There is also an interest in using DTI metrics for microstructural assessment not only to estimate extent of infiltration [47–50] but also to improve accuracy in diagnosis, assess grade or prognosis, evaluate treatment response, and potentially predict recurrence patterns. Jena et al. [48] described the use of a DTI-based “high risk volume” or IHVDTI which allowed a 35 % reduction in planning target volume and a dose escalation such that complications did not exceed conventional plan.
Targeted DBS Electrode Placement
Conventional imaging is often inadequate for visualization of important functional anatomy; for example, the subthalamic nucleus (STN) is difficult to demonstrate with high image contrast and targeting is not trivial [51]. DTI data can be used to improve localization of functional anatomy relevant to deep brain stimulation (DBS) placement. Simple integration of color FA maps has been utilized to augment identification of STN and globus pallidus interna (GPi) targets [52].
Other studies have shown proof of concept for use of DTI FT in this setting. Pouratian et al. [53] retrospectively studied cases where DBS had been placed using traditional methods for tremor control. The procedure was efficacious in 11/12 electrodes placed (six patients), and postoperative CT or MR fused with preoperative probabilistic tractography for thalamic voxel connectivity to primary, premotor, and prefrontal cortex showed thalamic sites with connectivity to premotor and supplemental motor regions were most efficacious in controlling tremor. A postoperative study of white matter tracts in proximity to leads placed in GPi, STN, and ventral intermediate nucleus (VIM) was useful in understanding side effects related to stimulator setting [54]. Tracts of interest in proximity to these targets included motor, premotor, supplemental motor, and frontal eye fields. Coenen et al. [55] also used a retrospective approach for DTI FT, showing unilateral refractory tremor control in a patient with Parkinson disease with DBS placement involving the dentate-rubral-thalamic tract (DRT) , subsequently prospectively targeting the DRT for DBS implantation bilaterally with excellent control of head tremor in a patient with myoclonus dystonia [56]. Other fields of interest where tractography may be potentially useful in this setting include neuropsychiatric problems [57, 58] including OCD and depression [59, 60], headache and chronic pain [61, 62].

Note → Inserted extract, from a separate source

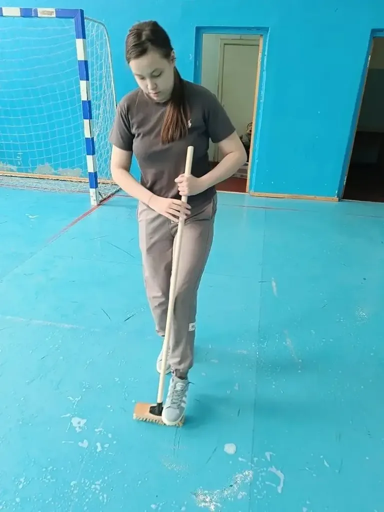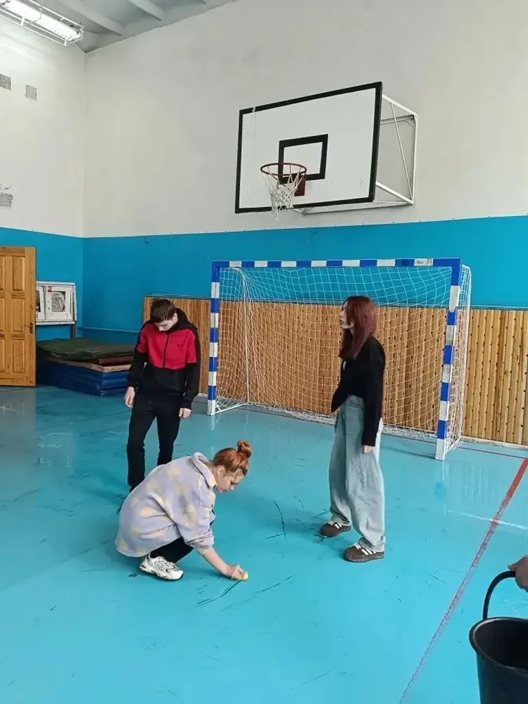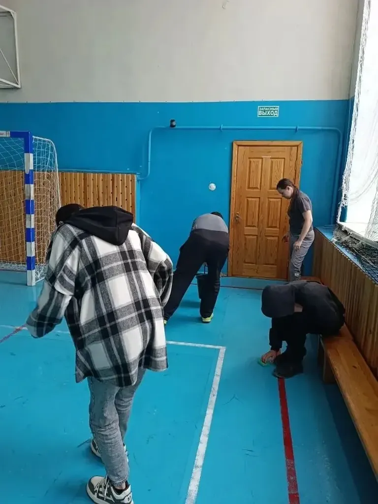 Общими усилиями ребята и педагоги отмыли зал до блеска, чтобы заниматься спортом было приятно и безопасно!
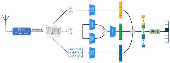 Firstly, the multiple transformation domain can provide multimodal information, so the I/Q waveform, modulus and phase of the received signals, as well as welch spectrum, square spectrum, and fourth power spectrum are extracted from the perspective of the time-frequency domain as network input [15]. Then, we consider the way the networks learn and incorporate multimodal features. RSBU-CW12 is designed to extract spatial features of signals. Inspired by [16], the raw I/Q signals are fed into the LSTM and the RSBU-CW12 to extract the temporal and spatial features of the signals, and then the outer product operation is performed to increase the diversity of features. Since the outer product can bring feature-dimension expansion, a fully connected layer is used to reduce the feature dimension. The modulus, phase, and spectrum features are fed into the RSBU-CW12 to extract their respective features. For the three groups of features extracted from the I/Q waveform, modulus and phase, as well as the welch spectrum, square spectrum, and fourth power spectrum, the method of direct concatenation to the full connection layer cannot achieve the full fusion of features. We adopted the PNN model to carry out feature cross-fusion for the features extracted from the network, so that the model can capture more key information.

Practical Considerations in Neurosurgery
Clinical Implementation
Image Acquisition and Postprocessing
There are multiple sources of potential image degradation related to patient and technique. Bulk and physiologic motion including cardiac and respiratory can degrade image quality. Additionally, the imaging sequence typically used (single shot spin echo EPI) has limitations which include eddy current distortion, mechanical vibrations related to large amplitude and rapidly switching gradients, Nyquist ghosting, chemical shift, magnetic field inhomogeneity, local susceptibility effects near bone and paranasal sinus interfaces , and limitations in spatial resolution and SNR [9]. Pathologic and postsurgical changes can also be problematic (e.g., hemorrhage and surgical hardware). There are strategies for solving or at least minimizing these problems including fat saturation techniques , cardiac gating, parallel imaging, and phased array coils. Improvements in image quality need to be balanced with the need for efficient implementation in this clinical setting such that data are adequate for presurgical planning but acquisition or processing times do not exceed a patient’s ability to cooperate or a clinician’s ability to obtain processed data integrated with other imaging data for surgical planning and intraoperative navigation.
An example of a standard acquisition at 3 T is provided in Table 14.1. While at least six diffusion encoding directions plus one baseline (b = 0 s/mm2 or low b-value) are needed to generate the diffusion tensor, a minimum of 30 directions are recommended for good quality DTI in this setting with at least 3–6 low-b acquisitions if possible [9, 63]. Acquisition time under 10 min is a reasonable target for integration into a full planning protocol and for patient compliance. Cardiac gating is not routinely used at our institution due to increased scan time, but this can improve image quality [64]. Small isotropic voxels with no gaps between imaging sections, on the order of 2 mm at 3 T, helps minimize partial volume effects and thus extent of crossing fibers in a given voxel [9].
Table 14.1
Sample DTI parameters at 3 T
Resolution (mm) | 1.72 × 1.72 × 3.0a |
Matrix | 128 |
FOV (cm) | 22 cm |
Encoding directions | 30 (plus baseline) |
NEX | 2–3 |
b-value (s/mm2) | 1000 |
TR/TE | 5000/86 ms |
Acquisition time | 8 min |
Parallel imaging acceleration | 2 |
Post-processing may include motion correction and eddy current distortion as well as registration with structural imaging data. Post-processed DTI data include scalar and directional data which can be used for fiber tracking, usually with a fiber assignment by continuous tracking (FACT) approach (most of the vendor supplied algorithms currently in use are based on this strategy). At least one “seed” ROI must be chosen, but typically at least one seed and target (inclusion) ROI are most commonly used (see below). Additional inclusion or exclusion ROIs are useful to minimize stray tracked fibers. Typical starting FA thresholds might be greater than 0.1–0.15 and turning angle less than 40–70°, and these can be adjusted for optimal display of desired tracts.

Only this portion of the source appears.